== What to work on ==
Nothing outside the stretch is wanted. Repeat exactly the lines of the listing below from the one that contains "12月7日上午,在福建閩北衛" through the one that contains "SHINY SYNTHETIC LEATHER WITH FLOWERS BLACK", both ends included.

**** Task input

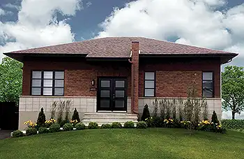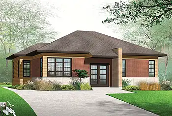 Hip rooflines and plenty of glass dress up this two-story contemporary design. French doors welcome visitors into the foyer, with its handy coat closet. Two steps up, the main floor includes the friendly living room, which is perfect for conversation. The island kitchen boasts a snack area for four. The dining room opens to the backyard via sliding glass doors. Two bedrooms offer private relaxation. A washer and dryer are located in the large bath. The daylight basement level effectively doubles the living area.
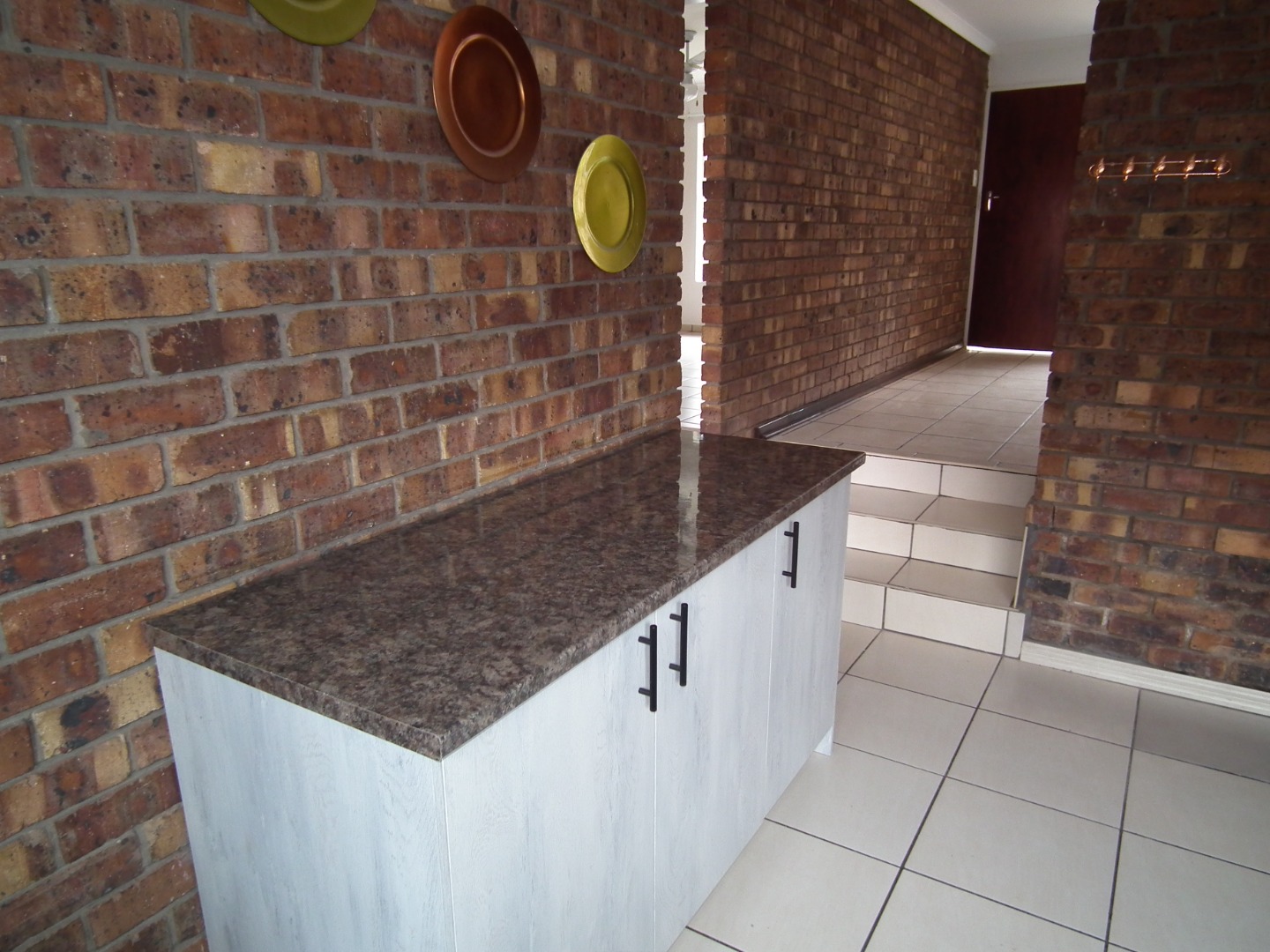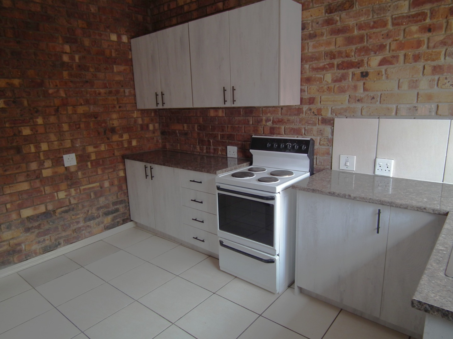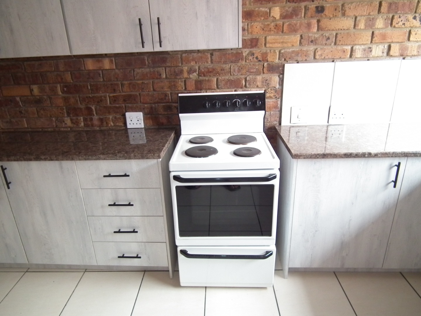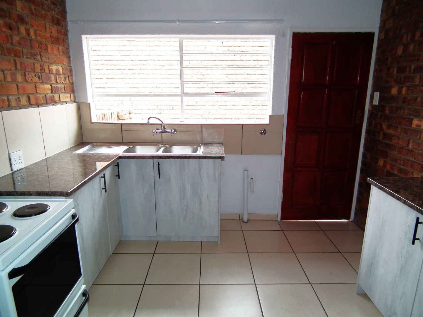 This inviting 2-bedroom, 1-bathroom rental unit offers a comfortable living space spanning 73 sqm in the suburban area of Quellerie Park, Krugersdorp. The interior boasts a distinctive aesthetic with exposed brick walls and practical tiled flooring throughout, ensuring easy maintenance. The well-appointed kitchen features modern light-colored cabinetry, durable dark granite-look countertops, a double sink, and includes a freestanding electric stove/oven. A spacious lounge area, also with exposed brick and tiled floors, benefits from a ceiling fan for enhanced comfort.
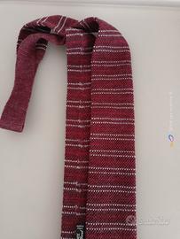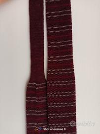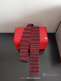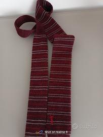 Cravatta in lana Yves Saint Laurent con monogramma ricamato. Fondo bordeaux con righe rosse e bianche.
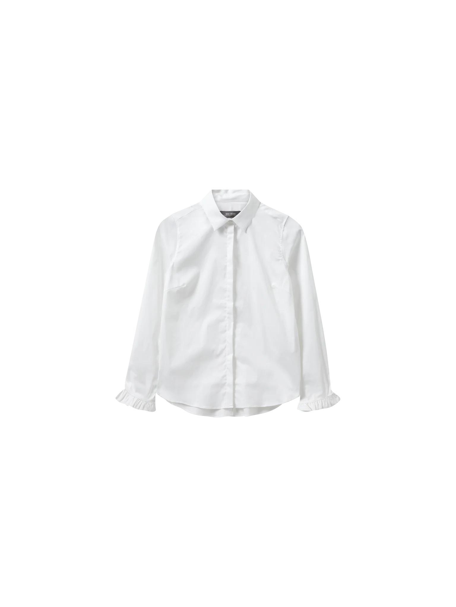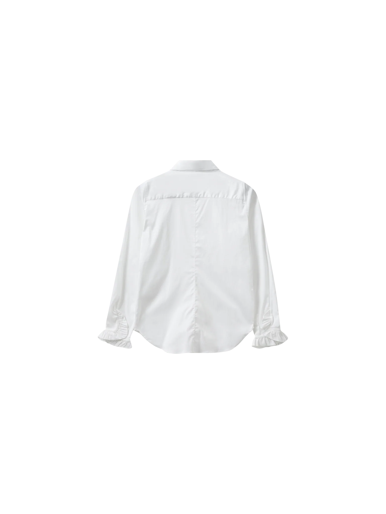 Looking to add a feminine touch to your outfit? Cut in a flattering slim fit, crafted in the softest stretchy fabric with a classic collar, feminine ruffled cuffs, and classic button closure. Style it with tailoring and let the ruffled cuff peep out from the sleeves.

********
**** Task input

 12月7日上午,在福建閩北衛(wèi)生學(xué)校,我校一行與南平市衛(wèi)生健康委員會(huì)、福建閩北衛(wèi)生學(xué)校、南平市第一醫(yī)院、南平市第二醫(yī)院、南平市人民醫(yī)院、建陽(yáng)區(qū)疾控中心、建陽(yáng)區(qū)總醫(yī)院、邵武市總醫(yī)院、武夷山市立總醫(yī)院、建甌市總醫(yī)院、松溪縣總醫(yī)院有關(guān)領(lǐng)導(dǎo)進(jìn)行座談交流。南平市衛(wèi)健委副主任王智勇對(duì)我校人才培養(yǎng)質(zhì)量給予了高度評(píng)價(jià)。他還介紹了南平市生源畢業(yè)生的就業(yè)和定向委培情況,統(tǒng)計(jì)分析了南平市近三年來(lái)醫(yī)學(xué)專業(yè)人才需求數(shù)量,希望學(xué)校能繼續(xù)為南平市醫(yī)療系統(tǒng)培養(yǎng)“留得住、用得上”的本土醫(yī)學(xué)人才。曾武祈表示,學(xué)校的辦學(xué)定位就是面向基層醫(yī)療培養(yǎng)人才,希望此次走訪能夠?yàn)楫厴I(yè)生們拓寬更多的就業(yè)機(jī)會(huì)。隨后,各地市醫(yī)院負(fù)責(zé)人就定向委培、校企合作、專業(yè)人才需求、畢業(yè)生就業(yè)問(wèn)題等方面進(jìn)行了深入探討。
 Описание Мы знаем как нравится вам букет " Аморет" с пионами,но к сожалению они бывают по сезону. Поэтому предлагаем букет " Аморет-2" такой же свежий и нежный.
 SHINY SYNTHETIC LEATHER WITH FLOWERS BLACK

********

== The completed task ==
 12月7日上午,在福建閩北衛(wèi)生學(xué)校,我校一行與南平市衛(wèi)生健康委員會(huì)、福建閩北衛(wèi)生學(xué)校、南平市第一醫(yī)院、南平市第二醫(yī)院、南平市人民醫(yī)院、建陽(yáng)區(qū)疾控中心、建陽(yáng)區(qū)總醫(yī)院、邵武市總醫(yī)院、武夷山市立總醫(yī)院、建甌市總醫(yī)院、松溪縣總醫(yī)院有關(guān)領(lǐng)導(dǎo)進(jìn)行座談交流。南平市衛(wèi)健委副主任王智勇對(duì)我校人才培養(yǎng)質(zhì)量給予了高度評(píng)價(jià)。他還介紹了南平市生源畢業(yè)生的就業(yè)和定向委培情況,統(tǒng)計(jì)分析了南平市近三年來(lái)醫(yī)學(xué)專業(yè)人才需求數(shù)量,希望學(xué)校能繼續(xù)為南平市醫(yī)療系統(tǒng)培養(yǎng)“留得住、用得上”的本土醫(yī)學(xué)人才。曾武祈表示,學(xué)校的辦學(xué)定位就是面向基層醫(yī)療培養(yǎng)人才,希望此次走訪能夠?yàn)楫厴I(yè)生們拓寬更多的就業(yè)機(jī)會(huì)。隨后,各地市醫(yī)院負(fù)責(zé)人就定向委培、校企合作、專業(yè)人才需求、畢業(yè)生就業(yè)問(wèn)題等方面進(jìn)行了深入探討。
 Описание Мы знаем как нравится вам букет " Аморет" с пионами,но к сожалению они бывают по сезону. Поэтому предлагаем букет " Аморет-2" такой же свежий и нежный.
 SHINY SYNTHETIC LEATHER WITH FLOWERS BLACK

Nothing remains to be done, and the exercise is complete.